Optionally, when the periphery of the minimum circumscribed rectangle is subjected to external expansion, the length of an external expansion pixel is 3px-5px.

Optionally, the conversion condition includes: horizontal mirroring transformation, vertical mirroring transformation, special angle rotation transformation, affine transformation, brightness transformation, contrast transformation, fuzzy transformation, noise transformation, and sharpening transformation, wherein each transformation condition comprises an amplitude and a probability.

Optionally, before the step of generating the corresponding task image and the annotation file, the method further includes: judging whether other transformations need to be added or not according to the transformed images, and if so, regenerating the transformed images according to the added transformation conditions; and if not, generating a corresponding task image and an annotation file.

Optionally, the step of generating the corresponding task image and the annotation file includes:

according to the corresponding task of the background image, adopting different label file generation modes;

and configuring the transformation conditions of the background image and the transformation conditions of the target image, and generating a corresponding task image and an annotation file.

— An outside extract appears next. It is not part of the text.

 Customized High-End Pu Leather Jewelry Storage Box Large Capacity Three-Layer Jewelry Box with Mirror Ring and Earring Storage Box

Optionally, generating a corresponding task image and an annotation file according to the transformed image includes:

generating a corresponding auxiliary image according to the background image;

transforming the background image according to the transformation condition to generate a transformed background image;

randomly generating an injection position according to the width and the height of the background image and the width and the height of the defect image;

generating an auxiliary image subregion and a background image subregion according to the position;

judging whether the target image exists in the auxiliary image sub-area or not;

if the target image exists, randomly generating an injection position again according to the width and the height of the background image and the width and the height of the defect image;

if the target image does not exist, equally transforming the defect image and the mask image according to the transformation condition;

fusing the defect image into a sub-region of the background image;

and fusing the mask image corresponding to the defect image into the sub-area of the auxiliary image to generate the auxiliary image.

Optionally, for different deep learning task types, whether to generate a markup file is determined:

if the deep learning task type is a classification task, generating no marking file;

if the deep learning task type is a segmentation task, saving the auxiliary image as an annotation file;

and if the deep learning task type is a detection task, performing contour analysis on the auxiliary image, acquiring a minimum external rectangle of each contour as a labeling frame, and simultaneously generating a corresponding json file or xml labeling file.

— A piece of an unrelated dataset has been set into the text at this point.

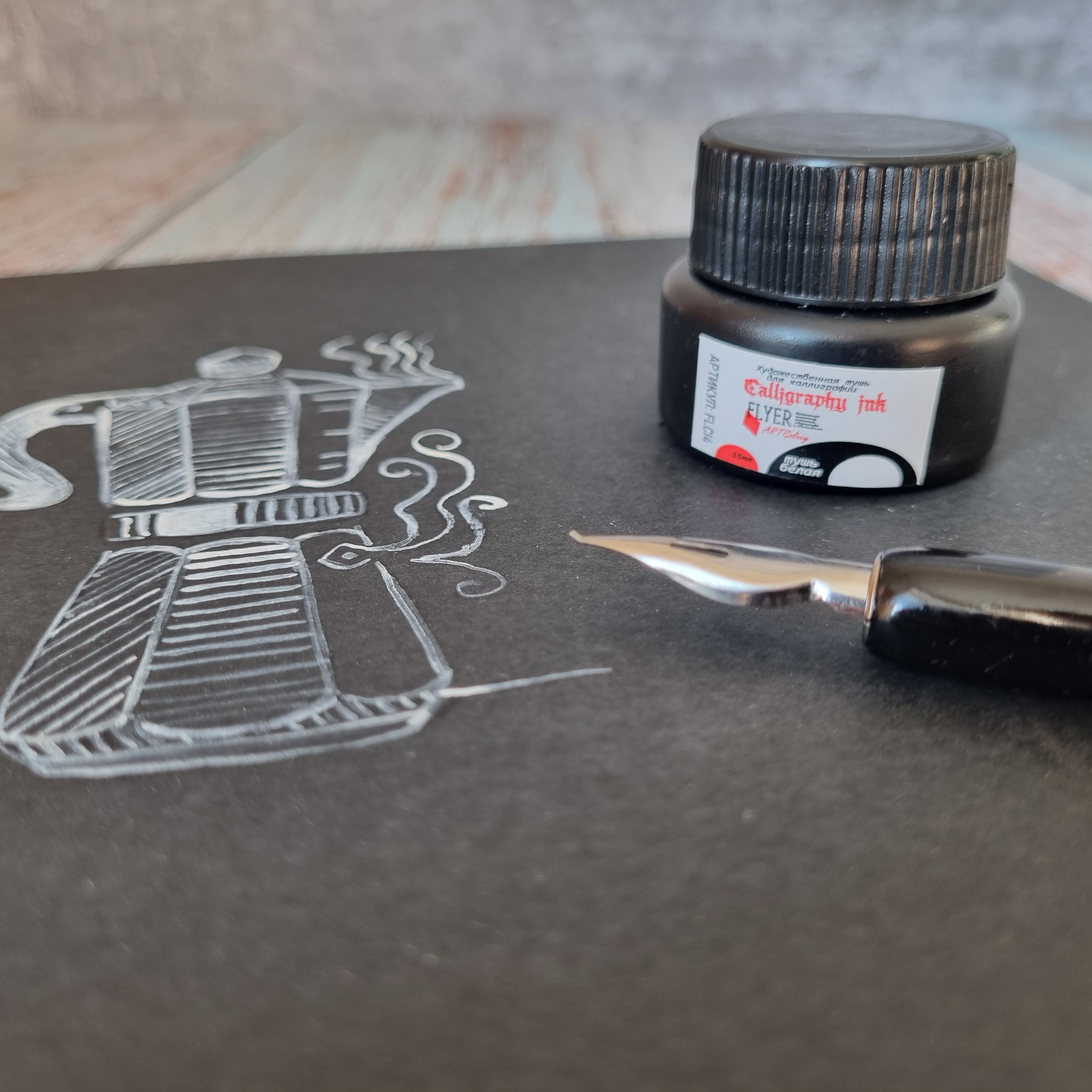 Тушь подходит для каллиграфии и художественных работ с прорисовыванием тонких элементов, а также для скетчинга.

Optionally, the defect image is fused into a sub-region of the background image, and after the mask image is corroded, a poisson function is used for fusion. Poisson fusion is to place a target image into a background image, the placement position is within the size range of a foreground required image with a P point as the center in the background image, the color and the gradient in the target image can be changed in the fusion process, the seamless fusion effect can be achieved, and the fusion effect is better.

Optionally, injecting the target image into the background image according to the deep learning task type and the transformation condition, and generating the transformed image, including:

generating an initial transformation list according to the transformation conditions;

setting probability or adjusting a transformation sequence for the initial transformation list to generate a transformation list;

and transforming the background image and the target image according to the sequence of the transformation list.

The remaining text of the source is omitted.